Going line by line through the records below, write out everything starting with the line containing "当店は、タイ国商務省「タイ・" and going on through the line containing "Вероятен сценарий консолидации", exactly and inclusively. Pictures do not go in.

INPUT MATERIAL →
------------------------------------------------

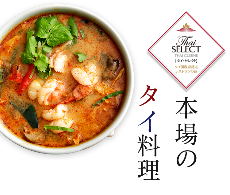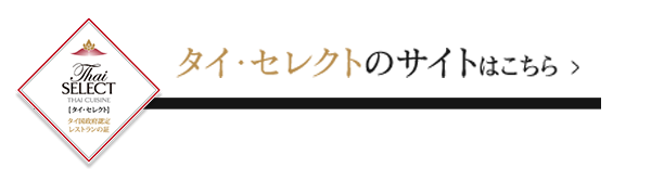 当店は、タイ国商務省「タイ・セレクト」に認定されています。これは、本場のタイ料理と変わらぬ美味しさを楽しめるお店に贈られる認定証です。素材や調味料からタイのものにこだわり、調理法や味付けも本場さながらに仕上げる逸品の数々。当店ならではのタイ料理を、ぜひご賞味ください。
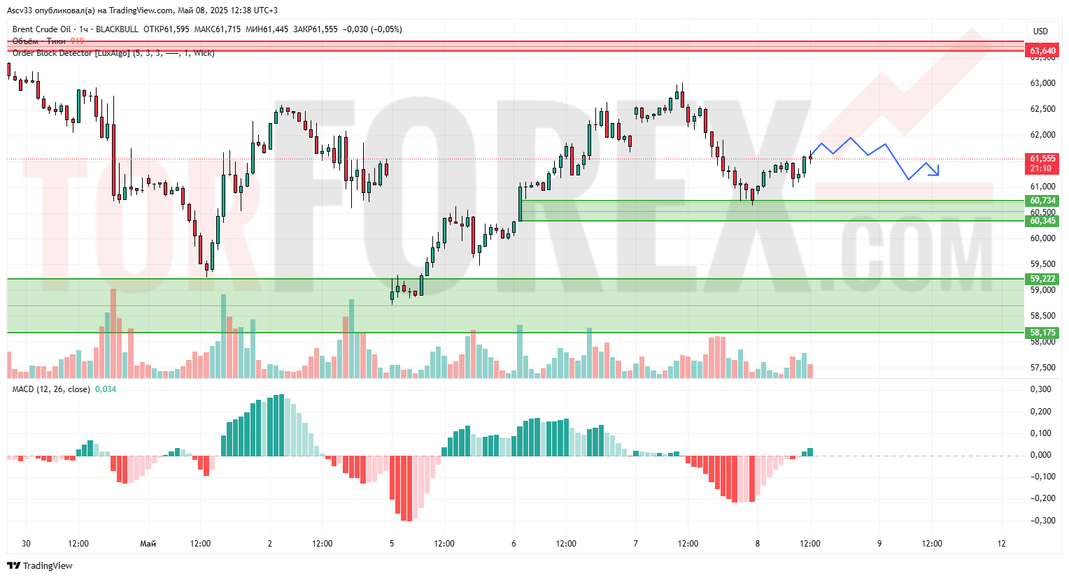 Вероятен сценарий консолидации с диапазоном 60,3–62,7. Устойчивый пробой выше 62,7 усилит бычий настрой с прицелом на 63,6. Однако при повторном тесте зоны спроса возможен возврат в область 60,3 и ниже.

------------------------------------------------

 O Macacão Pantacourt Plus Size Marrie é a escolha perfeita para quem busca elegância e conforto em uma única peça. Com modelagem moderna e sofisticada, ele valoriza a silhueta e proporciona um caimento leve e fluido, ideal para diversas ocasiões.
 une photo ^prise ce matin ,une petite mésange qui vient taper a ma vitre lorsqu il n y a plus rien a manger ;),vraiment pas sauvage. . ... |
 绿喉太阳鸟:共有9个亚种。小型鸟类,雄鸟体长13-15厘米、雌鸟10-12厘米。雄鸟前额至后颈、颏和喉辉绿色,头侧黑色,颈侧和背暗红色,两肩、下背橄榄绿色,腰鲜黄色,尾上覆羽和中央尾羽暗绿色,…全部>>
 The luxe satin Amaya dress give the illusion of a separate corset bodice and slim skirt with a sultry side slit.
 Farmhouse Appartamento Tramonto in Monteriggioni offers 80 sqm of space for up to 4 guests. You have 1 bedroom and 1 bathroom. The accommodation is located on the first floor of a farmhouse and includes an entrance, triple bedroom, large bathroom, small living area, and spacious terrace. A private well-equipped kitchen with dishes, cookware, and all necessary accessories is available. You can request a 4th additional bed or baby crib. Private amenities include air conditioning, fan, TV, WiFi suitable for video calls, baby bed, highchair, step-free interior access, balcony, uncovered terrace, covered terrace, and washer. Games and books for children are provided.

------------------------------------------------

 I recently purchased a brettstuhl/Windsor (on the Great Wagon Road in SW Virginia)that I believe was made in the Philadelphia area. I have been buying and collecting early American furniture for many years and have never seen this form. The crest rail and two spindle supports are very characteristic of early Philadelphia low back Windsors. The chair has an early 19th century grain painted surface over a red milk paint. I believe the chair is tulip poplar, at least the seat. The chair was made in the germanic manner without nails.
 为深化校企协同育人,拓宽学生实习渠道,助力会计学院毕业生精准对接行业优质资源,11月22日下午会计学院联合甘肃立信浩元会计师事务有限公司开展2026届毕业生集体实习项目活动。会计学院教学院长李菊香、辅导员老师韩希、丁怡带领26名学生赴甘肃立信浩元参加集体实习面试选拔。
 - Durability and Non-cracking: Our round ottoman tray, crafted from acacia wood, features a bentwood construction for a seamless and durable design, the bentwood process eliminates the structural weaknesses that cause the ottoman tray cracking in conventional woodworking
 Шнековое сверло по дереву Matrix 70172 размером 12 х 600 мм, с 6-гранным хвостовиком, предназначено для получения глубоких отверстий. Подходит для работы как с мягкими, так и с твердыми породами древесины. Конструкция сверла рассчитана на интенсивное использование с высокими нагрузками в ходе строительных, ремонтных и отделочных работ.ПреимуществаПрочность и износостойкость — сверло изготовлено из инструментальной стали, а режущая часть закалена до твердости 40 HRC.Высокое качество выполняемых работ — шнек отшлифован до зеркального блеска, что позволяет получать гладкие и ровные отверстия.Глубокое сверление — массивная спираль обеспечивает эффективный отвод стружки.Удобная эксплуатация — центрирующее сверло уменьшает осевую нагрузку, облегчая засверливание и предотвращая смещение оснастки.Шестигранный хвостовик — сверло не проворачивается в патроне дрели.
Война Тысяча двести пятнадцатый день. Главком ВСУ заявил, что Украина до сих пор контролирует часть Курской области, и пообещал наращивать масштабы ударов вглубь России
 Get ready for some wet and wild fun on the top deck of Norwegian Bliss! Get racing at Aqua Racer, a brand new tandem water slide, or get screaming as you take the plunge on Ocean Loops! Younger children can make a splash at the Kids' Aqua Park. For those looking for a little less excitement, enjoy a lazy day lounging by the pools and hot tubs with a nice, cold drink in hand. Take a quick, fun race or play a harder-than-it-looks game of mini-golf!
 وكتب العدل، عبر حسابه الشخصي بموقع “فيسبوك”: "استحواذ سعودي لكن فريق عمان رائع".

------------------------------------------------

RESULT OF THIS TASK →
 当店は、タイ国商務省「タイ・セレクト」に認定されています。これは、本場のタイ料理と変わらぬ美味しさを楽しめるお店に贈られる認定証です。素材や調味料からタイのものにこだわり、調理法や味付けも本場さながらに仕上げる逸品の数々。当店ならではのタイ料理を、ぜひご賞味ください。
 Вероятен сценарий консолидации с диапазоном 60,3–62,7. Устойчивый пробой выше 62,7 усилит бычий настрой с прицелом на 63,6. Однако при повторном тесте зоны спроса возможен возврат в область 60,3 и ниже.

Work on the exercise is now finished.